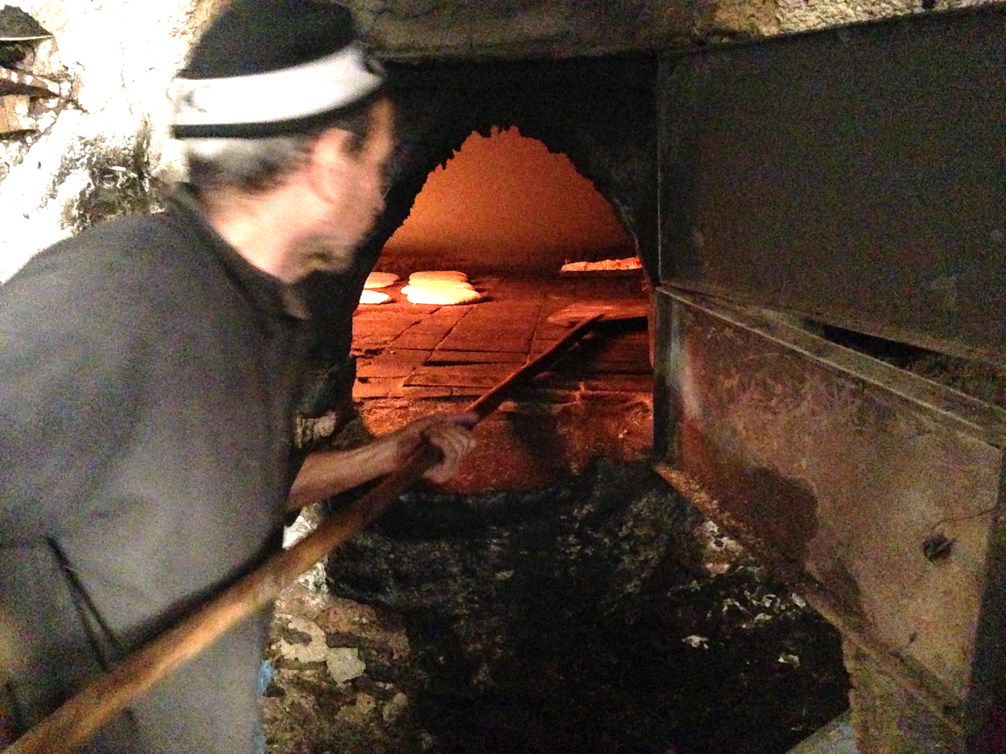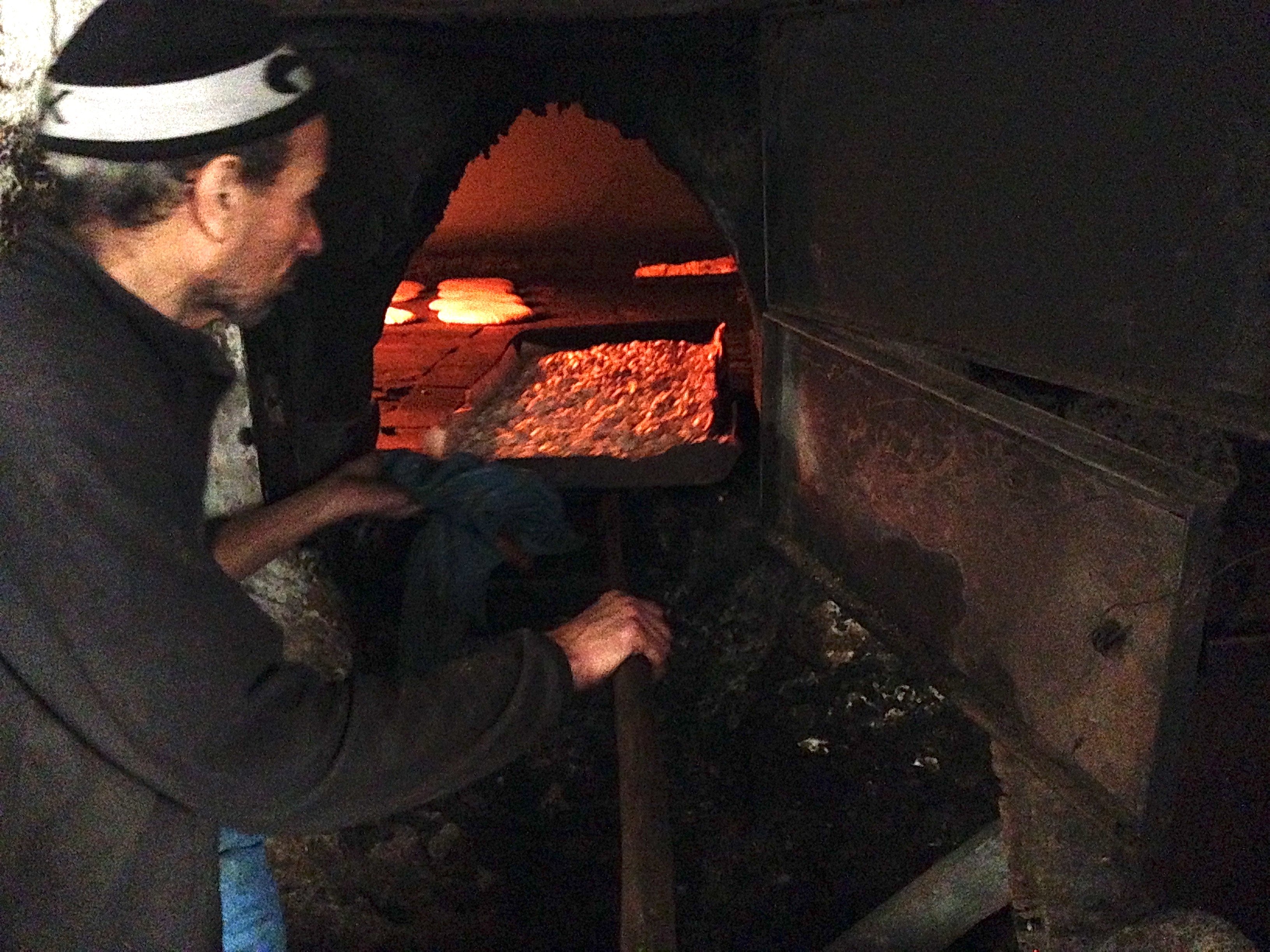 As my eyes adjusted, I was able to discern a wiry man crouched low on his haunches, on a grey, dust carpeted floor. He was wielding a very long handled peel, in front of a simple, gaping, wood fired oven. He deftly removed several flat round loaves of bread from the furnace, and placed them in a small number of baskets and trays that were on the floor behind him. Then he turned his attention back to the oven and began to move the embers about, making sure the base of the fire was clear of debris and ready to receive the next batch of bread. Our guide babbled on, explaining exactly what we were seeing. He need not have bothered. I knew what this was and I was transfixed. If I had ever bothered to write a bucket list, I now realised that this moment would have been right at the top.
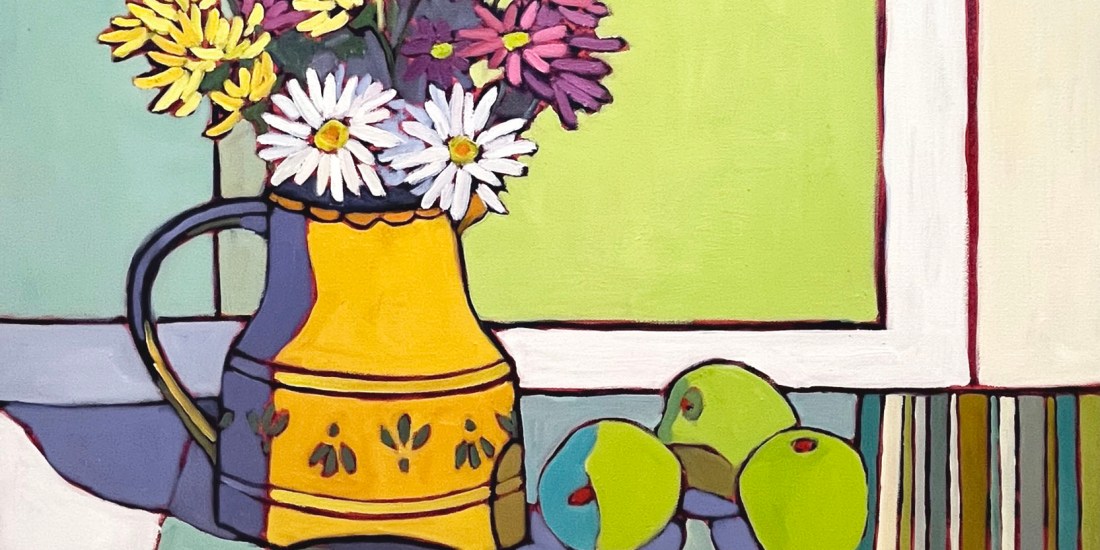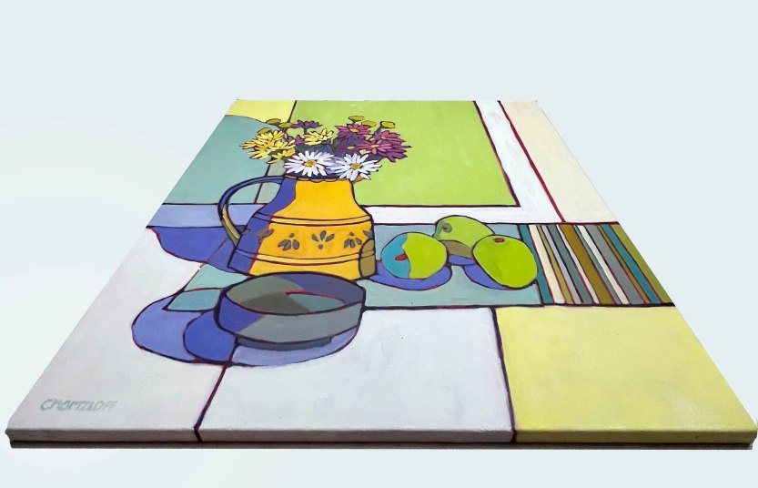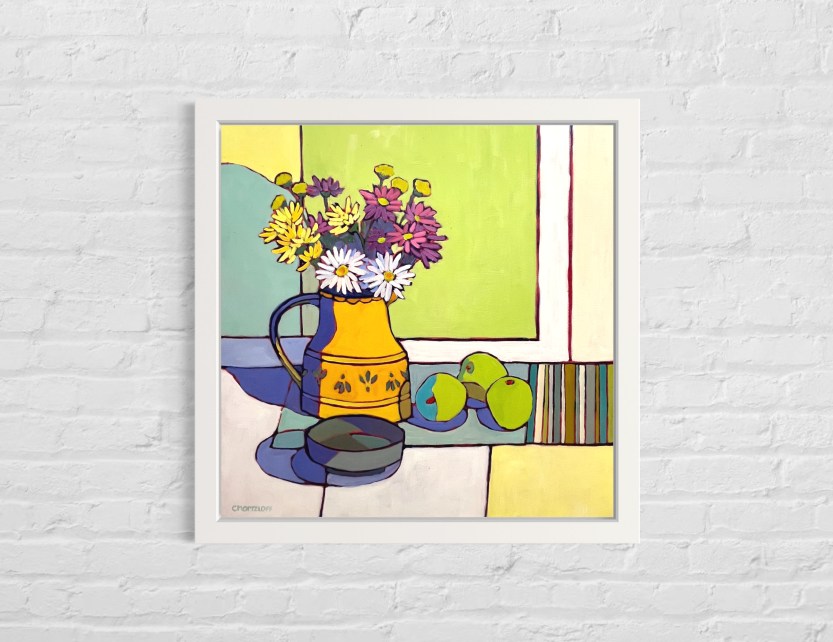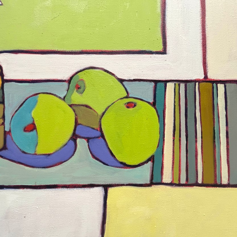 The cheerful yellows and greens in this painting add a pop of color that enlivens neutral interiors.
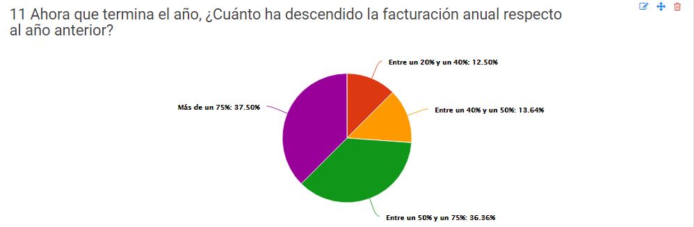 Con el cierre de la campaña de Navidad, termina también el año más complicado para el sector HORECA y confirma la tendencia en el descenso del consumo y la situación insostenible para 12.000 empresas de hostelería de las 32.000 de la Comunidad de Madrid. El 37,50% de los empresarios encuestados han reportado un descenso en la facturación superior al 75%, con respecto al 2019. Mientras que el 36,36% informa de una caída de ventas entre 50% y 75%; un 13,64 ha perdido en 2020 entre 40% y 50% de su facturación y un 12,50% reportó una baja de entre 20% y 40%, con respecto al año anterior.
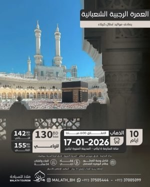 رحلة العمرة (الرجبية الشعبانية ) -تصادف مواليد أبطال كربلاء – المدة: ١٠ أيام • مكة: ٦ ليالي (فندق سويتس المقام) • المدينة المنورة: ليلتين (فندق أنوار المدينة موفنبيك) السعر: ١٣٠ دينار بحريني [ ١٣٠٠ريال سعودي] الرحلة تشمل: ▪️ الباصات الحديثة ▪️ السكن الراقي ▪️ الإرشاد الديني ▪️ الماي والشاي ٢٤ …
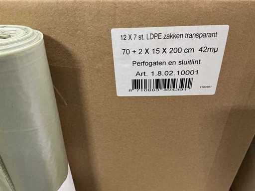 Charge von LDPE-Beuteln, transparent 70+2x15x200cm, Perfogate und Schließband (36x)
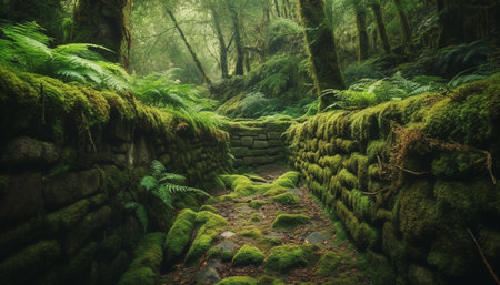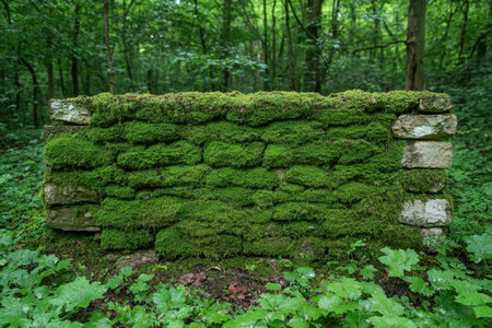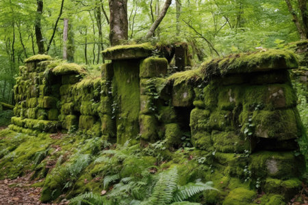 moss-covered dry stone wall surrounded by greenery, created with generative ai

********************

» **Exercise**:
Every line of the data should be copied as it stands, without the images.

» **Solution for this problem**:
 As my eyes adjusted, I was able to discern a wiry man crouched low on his haunches, on a grey, dust carpeted floor. He was wielding a very long handled peel, in front of a simple, gaping, wood fired oven. He deftly removed several flat round loaves of bread from the furnace, and placed them in a small number of baskets and trays that were on the floor behind him. Then he turned his attention back to the oven and began to move the embers about, making sure the base of the fire was clear of debris and ready to receive the next batch of bread. Our guide babbled on, explaining exactly what we were seeing. He need not have bothered. I knew what this was and I was transfixed. If I had ever bothered to write a bucket list, I now realised that this moment would have been right at the top.
 The cheerful yellows and greens in this painting add a pop of color that enlivens neutral interiors.
 Con el cierre de la campaña de Navidad, termina también el año más complicado para el sector HORECA y confirma la tendencia en el descenso del consumo y la situación insostenible para 12.000 empresas de hostelería de las 32.000 de la Comunidad de Madrid. El 37,50% de los empresarios encuestados han reportado un descenso en la facturación superior al 75%, con respecto al 2019. Mientras que el 36,36% informa de una caída de ventas entre 50% y 75%; un 13,64 ha perdido en 2020 entre 40% y 50% de su facturación y un 12,50% reportó una baja de entre 20% y 40%, con respecto al año anterior.
 رحلة العمرة (الرجبية الشعبانية ) -تصادف مواليد أبطال كربلاء – المدة: ١٠ أيام • مكة: ٦ ليالي (فندق سويتس المقام) • المدينة المنورة: ليلتين (فندق أنوار المدينة موفنبيك) السعر: ١٣٠ دينار بحريني [ ١٣٠٠ريال سعودي] الرحلة تشمل: ▪️ الباصات الحديثة ▪️ السكن الراقي ▪️ الإرشاد الديني ▪️ الماي والشاي ٢٤ …
 Charge von LDPE-Beuteln, transparent 70+2x15x200cm, Perfogate und Schließband (36x)
 moss-covered dry stone wall surrounded by greenery, created with generative ai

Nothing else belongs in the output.